* WHAT TO PRODUCE: Exact copy, no pictures: reproduce every record below as it stands.

DATA FOR THIS EXERCISE START

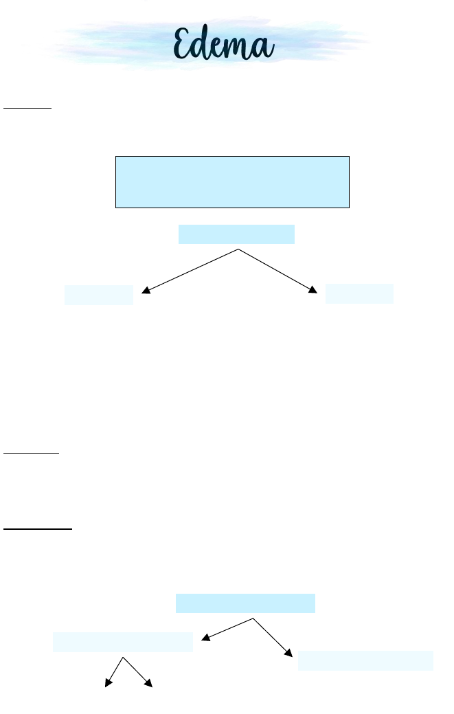 Edema - Clasificación Localización Generalizado • TVP u otra obstrucción venosa (tumor) • Inflamatorio • Infección • Traumático • Angioedema • Obstrucción linfática • Insuficiencia Cardiaca • Insuficiencia Renal o Discrasico • Síndrome Nefrótico • Hepatopatía Crónica Agua Corporal Total 60% Liquido Extracelular 20% Liquido Intracelular 20% Liquido Intersticial 15% Plasma 5% • Definición: Acumulación de un exceso de líquido en el espacio intersticial tanto para los tejidos profundos como para los superficiales generando tumefacciones de la dermis y tejido celular subcutáneo, el paciente refiere como “hinchazón”. • Localizados: Alteraciones en la Ley de Starling, en diferentes órganos o regiones. → Trombosis venosa profunda. → Infecciones: celulitis • Generalizados: Alteraciones de la Ley de Starling + la retención de agua y sodio en el espacio intersticial. • Por día se filtra unos 20 litros de sangre y se reabsorben en la parte final del capilar unos 17 litros • Quedando unos 3 litros que serán absorbidos por los vasos linfáticos a través de sus poros y sistemas valvulares. Edema Generalizado + Compromiso de las Serosas ANASARCA Clasificación Edema Oculto Mixedema • Acumulación de mucopolisacárido en el espacio intersticial (Infiltración en la piel) • No deja Fóvea • Lo encontramos en pacientes con hipotiroidismo (tiroides) • Posee una piel → Amarillenta → Fría → Áspera → Seca → Escamosa • Es cuando el paciente permanece mucho tiempo de pie o sentado. → Leve → Bilateral → Simétrica • Godet mínimo • Hiperreactividad muscular producida por un desequilibrio hidroelectrolítico. • Puede aparecer en caquexia. • Signo del Rodete Positivo. → Percutir el musculo y se observa la contracción → Pinza digital Linfedema • Es el exceso de líquido no espacio intersticial, debido a la diminución da absorción do liquido extracelular por los vasos linfáticos • Dada a una obstrucción linfática por proteínas. • Su carácter es: → Crónico → Duro y Elástico. • Puede dar un Godet mínimo. Mioedema Lipedema Tumefacción o Hinchazón Lisura Perdida de la elasticidad Características generales de Edema • Infiltración de líquido que no llega a los 3-5 litros • Para poder evidenciar es necesario pesar al paciente. • No deja Fóvea • Para completar los factores enunciados en la Ley de Starling, una perturbación en el drenaje linfática como: → Linfedema idiopático o primario → Neoplasia después de radioterapia → Posquirúrgico • Es la presencia de proteínas que pasan al espacio intersticial. 1º - Aumento de la presión hidrostática Locale s Generales • Alteran el retorno por obstrucción → Trombosis venosa → Tromboflebitis → Insuficiencia venosa crónica. • Trastornos en la circulación venocapilar → Estado varicoso → Alteración de la bomba muscular venosa • La más detectable es la insuficiencia cardiaca congestiva. • Puede generarse por cifras de Albuminemia inferior a 2-2,5 g/dLt. → Dificultad en la síntesis (cirrosis, hepatopatías crónicas) → Mayor destrucción → Perdidas entéricas excesivas (SMA) o renales. → Desnutrición grabe. 3º - Alteración de la permeabilidad capilar Causa Locales Causas Generales • Inflamatoria: → Alergia o hipersensible edad → Fármacos o tóxicos → Traumatismo → Celulitis → Quemaduras 4º - Disminución de la reabsorción linfática. 2º - Disminución de la presión oncótica del plasma • Fisiopatología: El edema se debe a un pasaje de líquido del espacio intravascular al espacio intersticial por alteraciones de los mecanismos fisiológicos y de regulación y distribución del agua y electrolitos. • Alteraciones de las fuerzas de Starling: 1º - Aumento de la presión hidrostática. PH 2º - Disminución de la presión oncótica del plasma. PO 3º - Alteración o Aumento de la permeabilidad capilar. • Retención de agua y sodio. 4º - Disminución de la reabsorción linfática. Configura una situación de Mecanismo generales de retención de agua y sodio Edema Generalizado Exceso hidrosalino en espacio intersticial Tercero espacio Desplazamiento del espacio vascular hacia el intersticio (Que normalmente contiene el 20% del agua total y hasta 15% del peso corporal) De esta manera se crea un llamado (Tercero espacio, Incluyen, derrame pleural, ascitis, hidropericardio. No se intercambia fácilmente, se pierde la actividad y movilidad de estos compartimientos.) ¿Por qué la insuficiencia cardiaca congestiva tiene edema con hipervolemia arterial afectiva? Es por una mayor presión hidrostática capilar, por hipertensión venosa y con un minuto disminuido. Cuadro 12-2: Edema y su relación con la volemia Estado de la volemia Mecanismo Ejemplos Hipovolemia arterial afectiva Retención hidrosalino secundaria • Insuficiencia Cardiaca congestiva. • Cirrosis hepática • Síndrome nefrótico Hipervolemia Retención hidrosalina primaria • Insuficiencia renal • Glomerulonefritis aguda. 1º ¿Dónde se localiza? Localizado • Alrededor de ojos y cara (zonas laxas) • En cara cuello y brazo • En una extremidad superior o inferior • Región lumbar Generalizado • Compromete el intersticio de la mayor parte del cuerpo. 2º ¿Cuándo comenzó, apareció y cómo evolucionó? Forma de inicio • Rápido • Gradual Ritmo de Aparición • Nocturno • Matinales • Periódico 3º ¿Cómo es? • Temperatura: conservado, frio, caliente • Sensibilidad: dolorosa o indoloro. • Colorido de la piel: rojo, pálido, cianótico • Consistencia: moderada, duro, o blando 4º ¿Qué factores lo desencadenan o agravan? • Ingreso de sal • Ciclo menstrual • Bipedestación prolongada 5º ¿Qué factores lo atenúan o alivian? • Durante el reposo 6º ¿Qué síntomas lo acompañan? • Disnea • Diarrea • Dolor abdominal • Dolor en las piernas • Alteraciones tróficas de las pierna
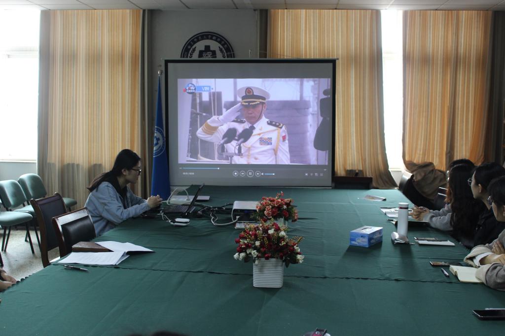 党委副书记董家忠和2016级本科生辅导员王峰带领学院本科生党支部成员进行集中学习,共同观看庆祝中国人民解放军海军建军70周年阅兵活动视频。
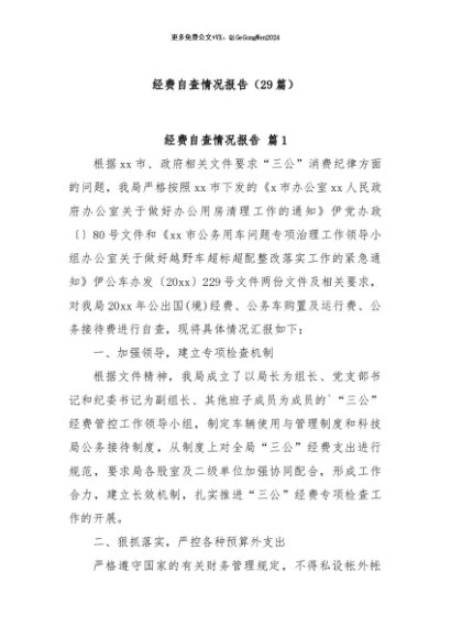 / 【七哥公文】2024年:(29篇)经费自查情况报告+更多免费公文+VX:QiGeGongWen2024
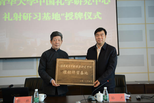 会上,彭林教授代表清华大学中国礼学研究中心授予我校“清华大学中国礼学研究中心礼射研习”基地。(大学生就业与素质教育中心 田广)
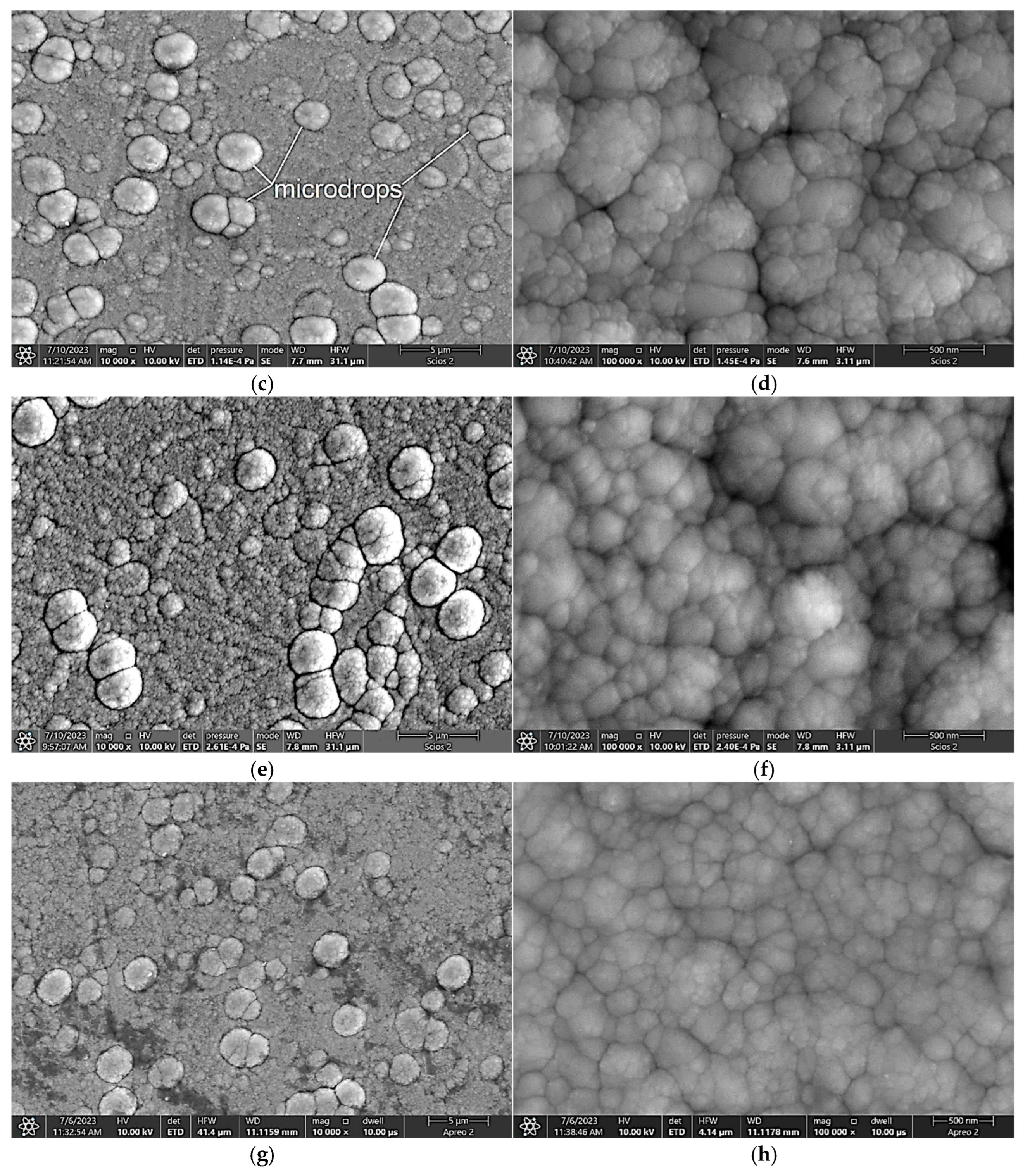 - Bai, H.; Li, J.; Gao, J.; Ni, J.; Bai, Y.; Jian, J.; Zhao, L.; Bai, B.; Cai, Z.; He, J.; et al. Comparison of CrN Coatings Prepared Using High-Power Impulse Magnetron Sputtering and Direct Current Magnetron Sputtering. Materials 2023, 16, 6303. [Google Scholar] [CrossRef]
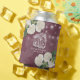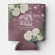 Modelos de Cooler / koozies para Chuveiro de Noiva - Escrita Elegante, Jarras de Mason, Flores de Hortênsia e Luzes de Corda em Fundo de Linho Floral Vermelho Borgonha.
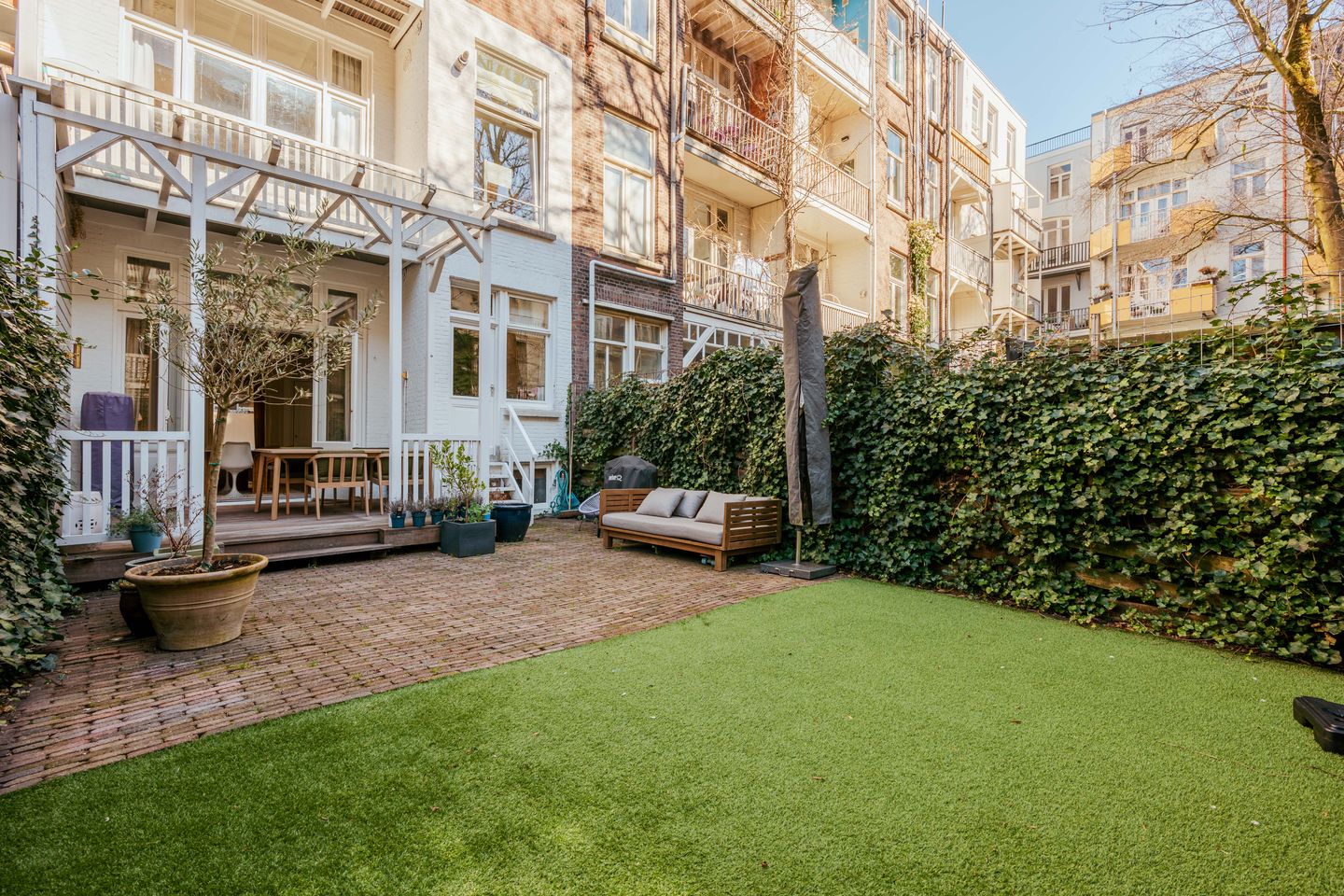 Via de eetkamer geven openslaande deuren toegang tot de bijzonder royale en op deze locatie unieke achtertuin. De tuin is gelegen op het zuidoosten en geniet daardoor van veel zonlicht. Direct aan de woning bevindt zich een overdekt terras, ideaal voor lange zomeravonden en buiten dineren. De achtertuin van wel circa 50 m² biedt daarnaast volop mogelijkheden voor verdere inrichting en gebruik.
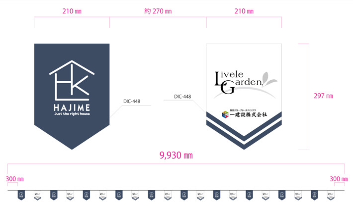 建築会社様のオリジナル連続旗を製作させて頂きましたので、ご紹介いたします。
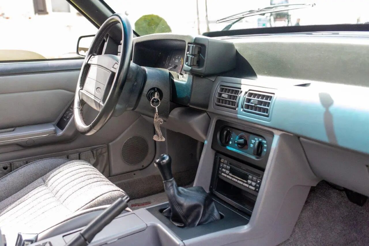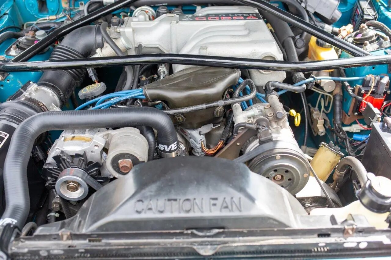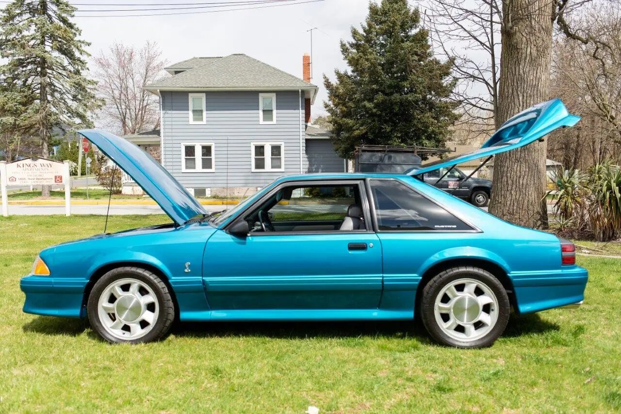 This 1993 Ford Mustang SVT Cobra is powered by a 5.0-liter V8 paired with a five-speed manual transmission and a Traction-Lok differential, and it is finished in Teal Metallic over gray cloth.

DATA FOR THIS EXERCISE END

* RESULT FOR THIS TASK:
 Edema - Clasificación Localización Generalizado • TVP u otra obstrucción venosa (tumor) • Inflamatorio • Infección • Traumático • Angioedema • Obstrucción linfática • Insuficiencia Cardiaca • Insuficiencia Renal o Discrasico • Síndrome Nefrótico • Hepatopatía Crónica Agua Corporal Total 60% Liquido Extracelular 20% Liquido Intracelular 20% Liquido Intersticial 15% Plasma 5% • Definición: Acumulación de un exceso de líquido en el espacio intersticial tanto para los tejidos profundos como para los superficiales generando tumefacciones de la dermis y tejido celular subcutáneo, el paciente refiere como “hinchazón”. • Localizados: Alteraciones en la Ley de Starling, en diferentes órganos o regiones. → Trombosis venosa profunda. → Infecciones: celulitis • Generalizados: Alteraciones de la Ley de Starling + la retención de agua y sodio en el espacio intersticial. • Por día se filtra unos 20 litros de sangre y se reabsorben en la parte final del capilar unos 17 litros • Quedando unos 3 litros que serán absorbidos por los vasos linfáticos a través de sus poros y sistemas valvulares. Edema Generalizado + Compromiso de las Serosas ANASARCA Clasificación Edema Oculto Mixedema • Acumulación de mucopolisacárido en el espacio intersticial (Infiltración en la piel) • No deja Fóvea • Lo encontramos en pacientes con hipotiroidismo (tiroides) • Posee una piel → Amarillenta → Fría → Áspera → Seca → Escamosa • Es cuando el paciente permanece mucho tiempo de pie o sentado. → Leve → Bilateral → Simétrica • Godet mínimo • Hiperreactividad muscular producida por un desequilibrio hidroelectrolítico. • Puede aparecer en caquexia. • Signo del Rodete Positivo. → Percutir el musculo y se observa la contracción → Pinza digital Linfedema • Es el exceso de líquido no espacio intersticial, debido a la diminución da absorción do liquido extracelular por los vasos linfáticos • Dada a una obstrucción linfática por proteínas. • Su carácter es: → Crónico → Duro y Elástico. • Puede dar un Godet mínimo. Mioedema Lipedema Tumefacción o Hinchazón Lisura Perdida de la elasticidad Características generales de Edema • Infiltración de líquido que no llega a los 3-5 litros • Para poder evidenciar es necesario pesar al paciente. • No deja Fóvea • Para completar los factores enunciados en la Ley de Starling, una perturbación en el drenaje linfática como: → Linfedema idiopático o primario → Neoplasia después de radioterapia → Posquirúrgico • Es la presencia de proteínas que pasan al espacio intersticial. 1º - Aumento de la presión hidrostática Locale s Generales • Alteran el retorno por obstrucción → Trombosis venosa → Tromboflebitis → Insuficiencia venosa crónica. • Trastornos en la circulación venocapilar → Estado varicoso → Alteración de la bomba muscular venosa • La más detectable es la insuficiencia cardiaca congestiva. • Puede generarse por cifras de Albuminemia inferior a 2-2,5 g/dLt. → Dificultad en la síntesis (cirrosis, hepatopatías crónicas) → Mayor destrucción → Perdidas entéricas excesivas (SMA) o renales. → Desnutrición grabe. 3º - Alteración de la permeabilidad capilar Causa Locales Causas Generales • Inflamatoria: → Alergia o hipersensible edad → Fármacos o tóxicos → Traumatismo → Celulitis → Quemaduras 4º - Disminución de la reabsorción linfática. 2º - Disminución de la presión oncótica del plasma • Fisiopatología: El edema se debe a un pasaje de líquido del espacio intravascular al espacio intersticial por alteraciones de los mecanismos fisiológicos y de regulación y distribución del agua y electrolitos. • Alteraciones de las fuerzas de Starling: 1º - Aumento de la presión hidrostática. PH 2º - Disminución de la presión oncótica del plasma. PO 3º - Alteración o Aumento de la permeabilidad capilar. • Retención de agua y sodio. 4º - Disminución de la reabsorción linfática. Configura una situación de Mecanismo generales de retención de agua y sodio Edema Generalizado Exceso hidrosalino en espacio intersticial Tercero espacio Desplazamiento del espacio vascular hacia el intersticio (Que normalmente contiene el 20% del agua total y hasta 15% del peso corporal) De esta manera se crea un llamado (Tercero espacio, Incluyen, derrame pleural, ascitis, hidropericardio. No se intercambia fácilmente, se pierde la actividad y movilidad de estos compartimientos.) ¿Por qué la insuficiencia cardiaca congestiva tiene edema con hipervolemia arterial afectiva? Es por una mayor presión hidrostática capilar, por hipertensión venosa y con un minuto disminuido. Cuadro 12-2: Edema y su relación con la volemia Estado de la volemia Mecanismo Ejemplos Hipovolemia arterial afectiva Retención hidrosalino secundaria • Insuficiencia Cardiaca congestiva. • Cirrosis hepática • Síndrome nefrótico Hipervolemia Retención hidrosalina primaria • Insuficiencia renal • Glomerulonefritis aguda. 1º ¿Dónde se localiza? Localizado • Alrededor de ojos y cara (zonas laxas) • En cara cuello y brazo • En una extremidad superior o inferior • Región lumbar Generalizado • Compromete el intersticio de la mayor parte del cuerpo. 2º ¿Cuándo comenzó, apareció y cómo evolucionó? Forma de inicio • Rápido • Gradual Ritmo de Aparición • Nocturno • Matinales • Periódico 3º ¿Cómo es? • Temperatura: conservado, frio, caliente • Sensibilidad: dolorosa o indoloro. • Colorido de la piel: rojo, pálido, cianótico • Consistencia: moderada, duro, o blando 4º ¿Qué factores lo desencadenan o agravan? • Ingreso de sal • Ciclo menstrual • Bipedestación prolongada 5º ¿Qué factores lo atenúan o alivian? • Durante el reposo 6º ¿Qué síntomas lo acompañan? • Disnea • Diarrea • Dolor abdominal • Dolor en las piernas • Alteraciones tróficas de las pierna
 党委副书记董家忠和2016级本科生辅导员王峰带领学院本科生党支部成员进行集中学习,共同观看庆祝中国人民解放军海军建军70周年阅兵活动视频。
 / 【七哥公文】2024年:(29篇)经费自查情况报告+更多免费公文+VX:QiGeGongWen2024
 会上,彭林教授代表清华大学中国礼学研究中心授予我校“清华大学中国礼学研究中心礼射研习”基地。(大学生就业与素质教育中心 田广)
 - Bai, H.; Li, J.; Gao, J.; Ni, J.; Bai, Y.; Jian, J.; Zhao, L.; Bai, B.; Cai, Z.; He, J.; et al. Comparison of CrN Coatings Prepared Using High-Power Impulse Magnetron Sputtering and Direct Current Magnetron Sputtering. Materials 2023, 16, 6303. [Google Scholar] [CrossRef]
 Modelos de Cooler / koozies para Chuveiro de Noiva - Escrita Elegante, Jarras de Mason, Flores de Hortênsia e Luzes de Corda em Fundo de Linho Floral Vermelho Borgonha.
 Via de eetkamer geven openslaande deuren toegang tot de bijzonder royale en op deze locatie unieke achtertuin. De tuin is gelegen op het zuidoosten en geniet daardoor van veel zonlicht. Direct aan de woning bevindt zich een overdekt terras, ideaal voor lange zomeravonden en buiten dineren. De achtertuin van wel circa 50 m² biedt daarnaast volop mogelijkheden voor verdere inrichting en gebruik.
 建築会社様のオリジナル連続旗を製作させて頂きましたので、ご紹介いたします。
 This 1993 Ford Mustang SVT Cobra is powered by a 5.0-liter V8 paired with a five-speed manual transmission and a Traction-Lok differential, and it is finished in Teal Metallic over gray cloth.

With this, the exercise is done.